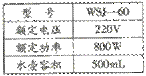 10.(2008大连)某电热水器,额定功率为2000W。当热水器正常工作70min时,可将50kg的水从20℃加热到58℃。(水的比热容为4.2×103 J / (kg·℃)。 试求: (1)这50kg水吸收的热量是多少? (2)热水器消耗的电能是多少? (3)热水器的效率是多少? 11.(2008南宁)“绿色奥运、科技奥运、人文奥运”是2008年北京奥运的三大主题。其中国家体育馆“鸟巢工程”采用太阳能电力这一绿色能源。令专业建筑专家惊叹的是,“鸟巢”的设计,不仅是能够获得自然通风,而且4.2×105kg的钢结构靠自身的24根钢柱支撑。 (1)给“鸟巢”工程供电时,若功率为130kW的太阳能发电系统连续正常工作100min,可得到多少焦耳的电能,如果这些电能有42%转化为水的内能,则可以使l 04kg水温度升高多少摄氏度,[水的比热容c=4.2×103J / (kg·℃)] (2)若每根钢柱的横截面积为1.5m2。,则平均每根柱子承受的压强为多大, 12.(2008聊城) 小明的新家想安装一台无水箱式电热水器,这种电热水器当有冷水流过它时,就能达到要求的温度而立即从喷头流出供淋浴。已知冷水温度为15℃,淋浴所需热水温度为40℃,电热水器一分钟流出热水的质量约为4kg,水的比热容为4.2×103J / (kg·℃). (1)将质量为4kg温度为15℃的冷水,加热到淋浴所需要的温度,水吸收的热量是多少? (2)如果不考虑热损失,无箱式热水器的电功率至少多大才能满足淋浴的要求? (3)小明新家的电路允许通过的最大电流为30A,问他家能不能使用该电热水器? 13. (2008扬州)下图是啸宇家新买的一台快速电水壶,这台电水壶的铭牌如下表。为了测量该电水壶烧水时的实际功率,啸宇用所学知识和爸爸合作进行了如下实验: 关掉家里所有用电器,将该电水壶装满水,接入家庭电路中,测得壶中水从25℃上升到35℃所用的时间是50s.同时观察到家中“220V 10A(40A) 3200imp / (kW·h)”的电子式电能表耗电指示灯闪烁了80imp。请根据相关信息解答下列问题。 (C水=4.2×103J / (kg·℃))
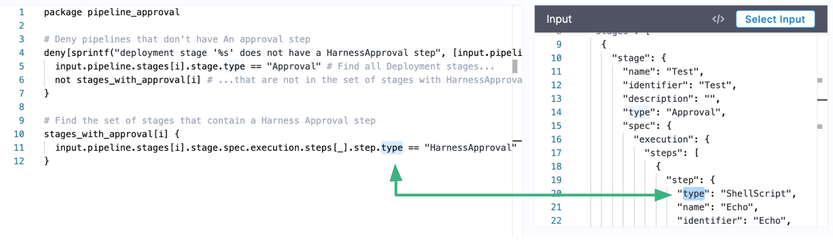 Basically, this policy checks whether a Pipeline has an Approval stage containing Approval steps. If the Pipeline does not, then the policy deny is enforced.
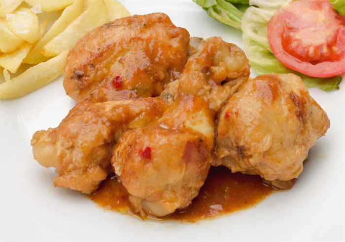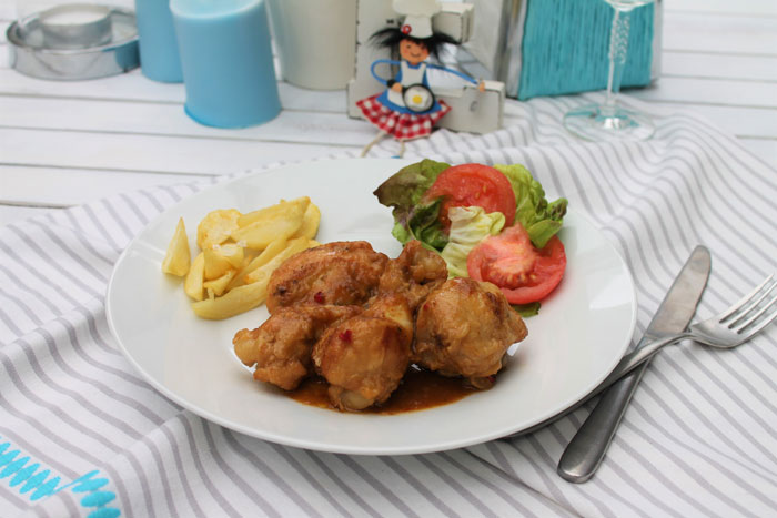 – Mientras prepara una guarnición para acompañar a este sabroso pollo, unas patatas fritas o una ensalada le quedarán perfectas, sin complicarte demasiado.
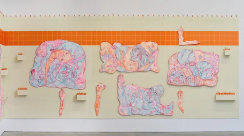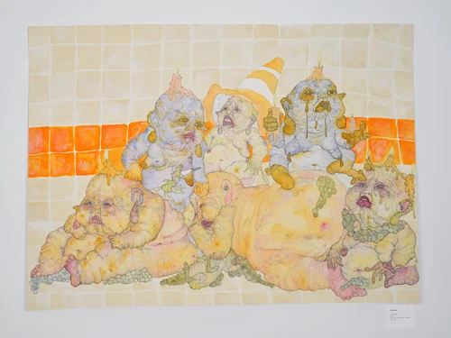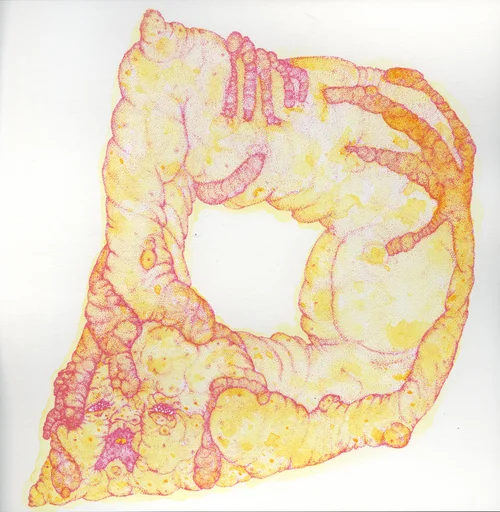 black light ink, M&Ms, india ink on paper, 30” x 20”
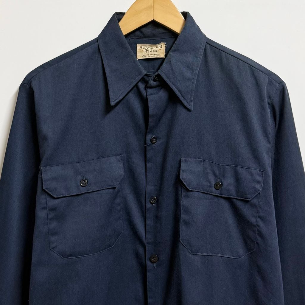 ワークシャツ 無地 ポケット付き 長袖シャツ 紺 ネイビー Mサイズ程度 No.L909
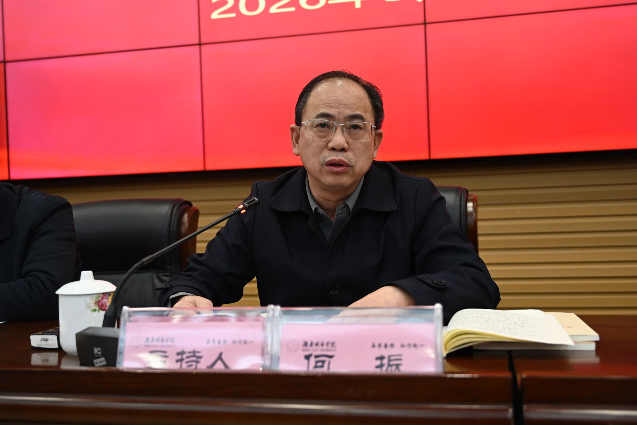 本网讯(通讯员 蔡润晨)3月19日,学校党委理论学习中心组(扩大)2026年第二次集体学习暨树立和践行正确政绩观学习教育读书班在图书馆报告厅举行,党委书记何振主持会议并讲话,全体校领导、副处级以上干部参加学习。
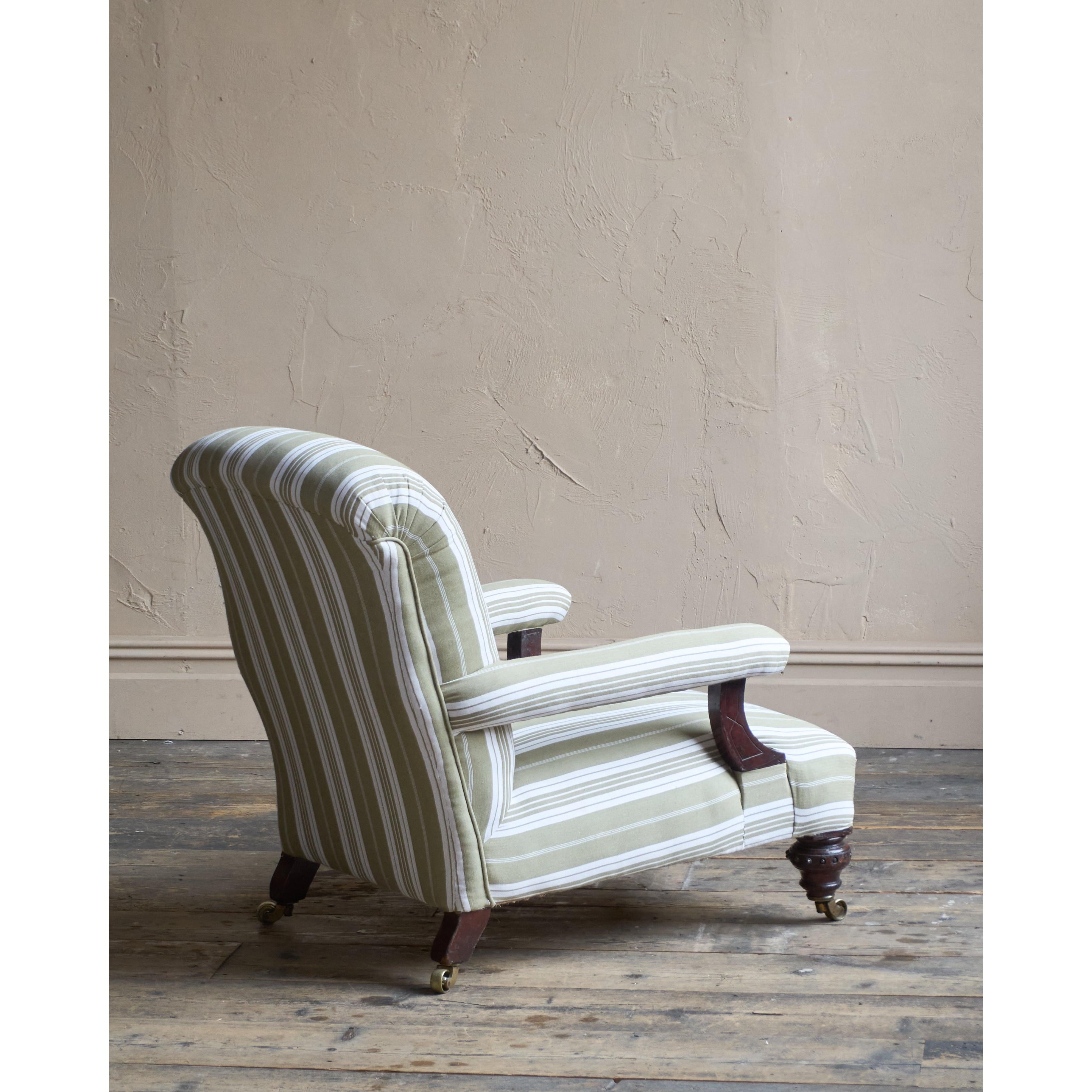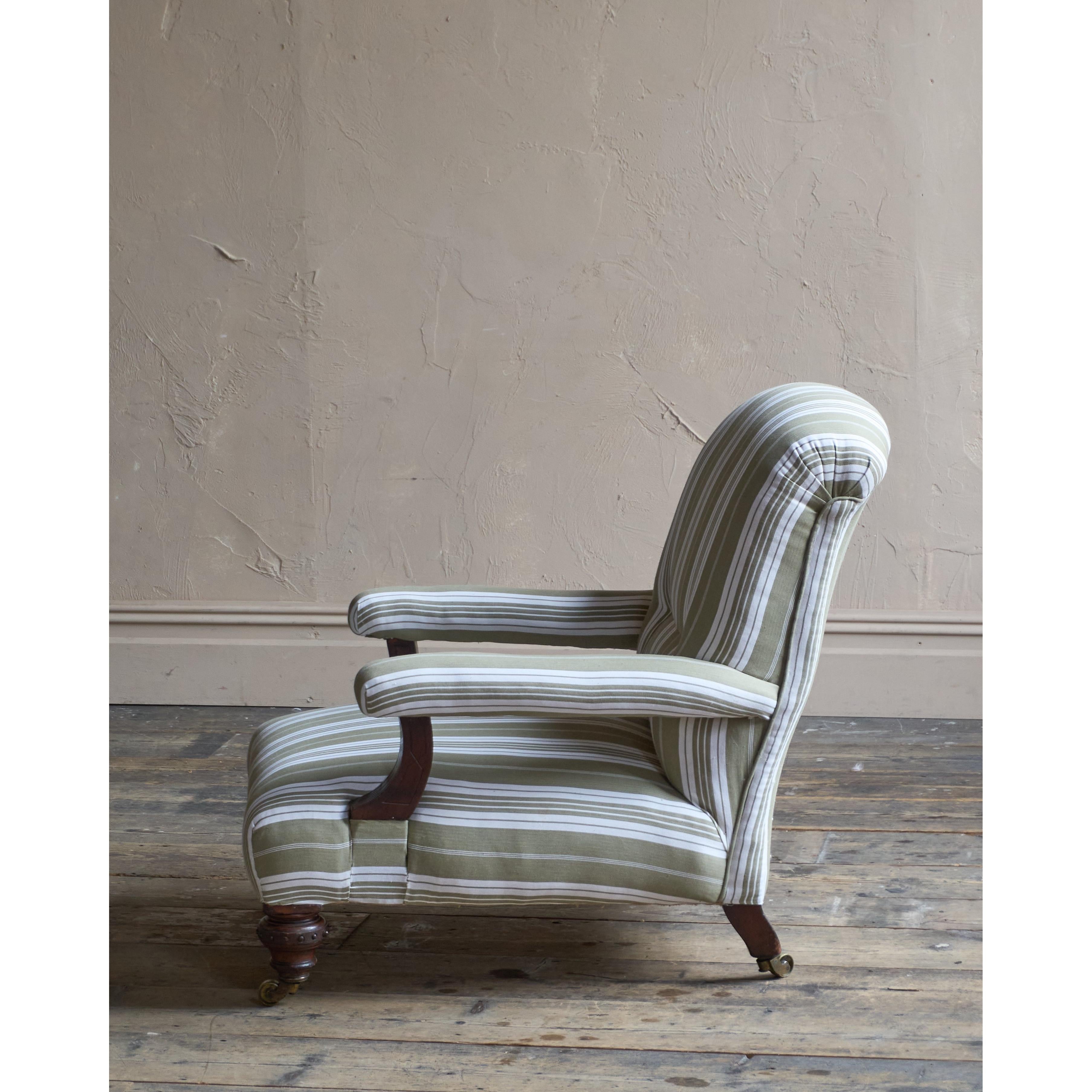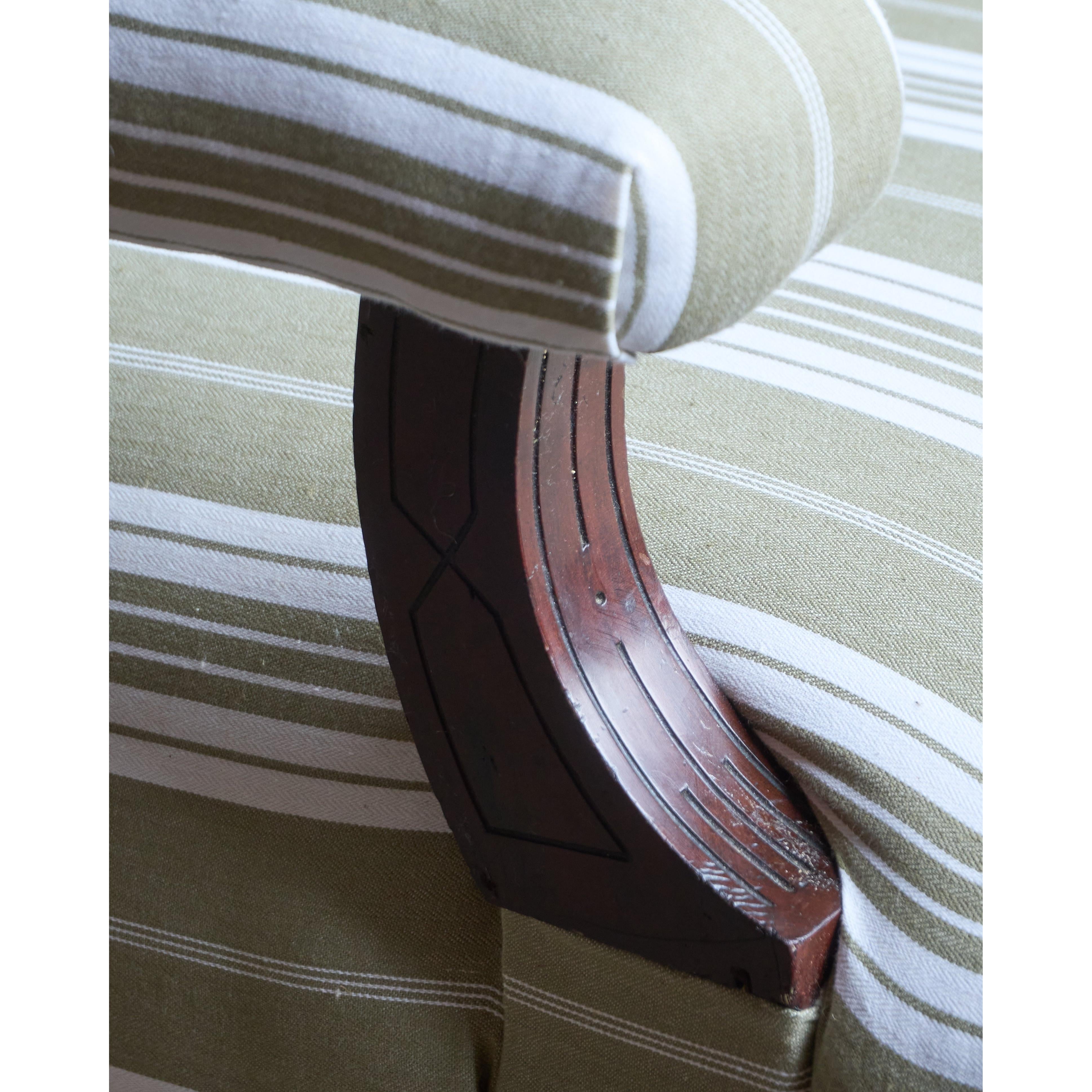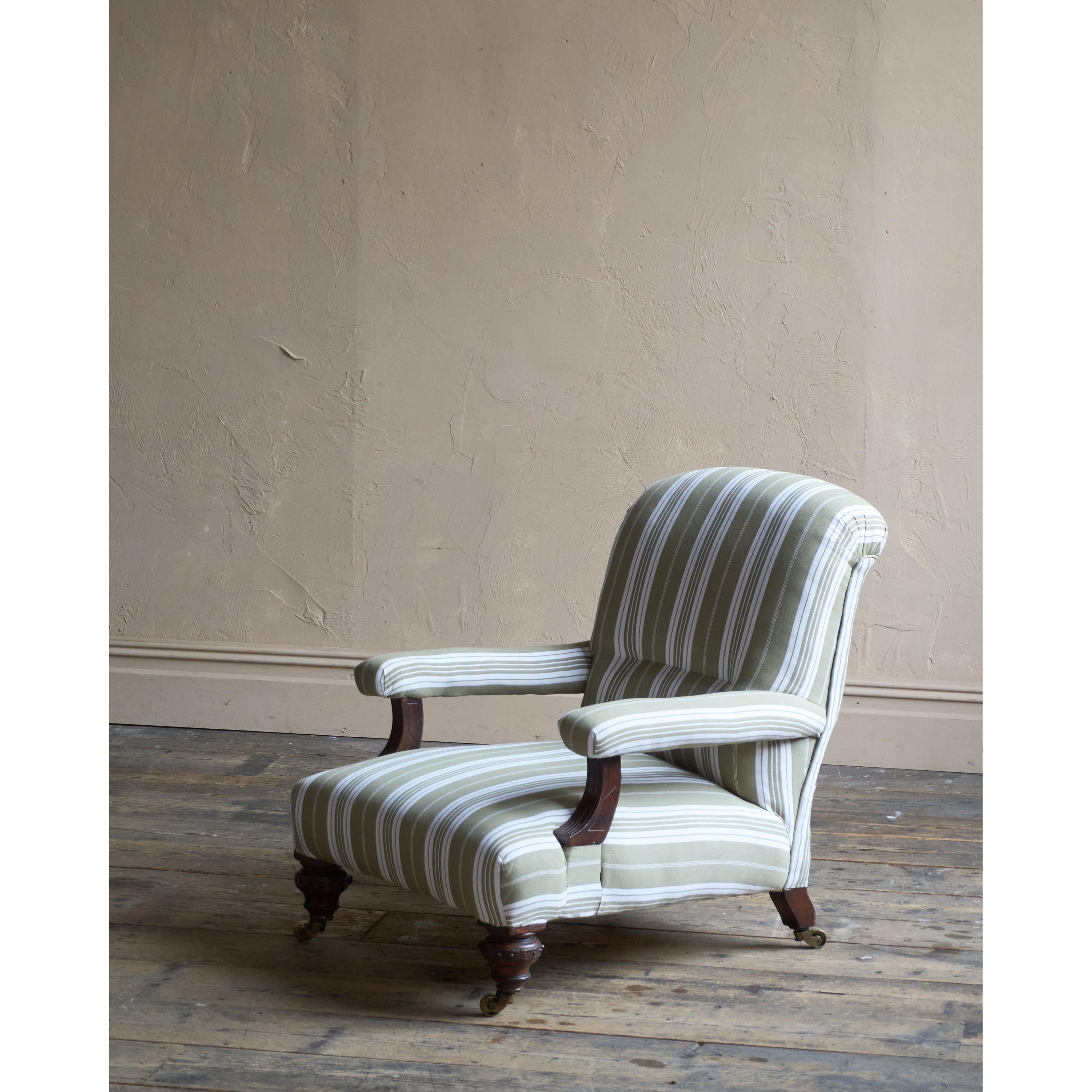 The chair has been lined with a browny-green striped linen ticking, making it ready for an uncomplicated upholstery job.

########

◆ INSTRUCTIONS TO FOLLOW
Write the lines from the one containing "black light ink, M&Ms, india" through the end of the data above exactly as they appear, and do not carry over any picture.

◆ RESULT OF THE TASK
 black light ink, M&Ms, india ink on paper, 30” x 20”
 ワークシャツ 無地 ポケット付き 長袖シャツ 紺 ネイビー Mサイズ程度 No.L909
 本网讯(通讯员 蔡润晨)3月19日,学校党委理论学习中心组(扩大)2026年第二次集体学习暨树立和践行正确政绩观学习教育读书班在图书馆报告厅举行,党委书记何振主持会议并讲话,全体校领导、副处级以上干部参加学习。
 The chair has been lined with a browny-green striped linen ticking, making it ready for an uncomplicated upholstery job.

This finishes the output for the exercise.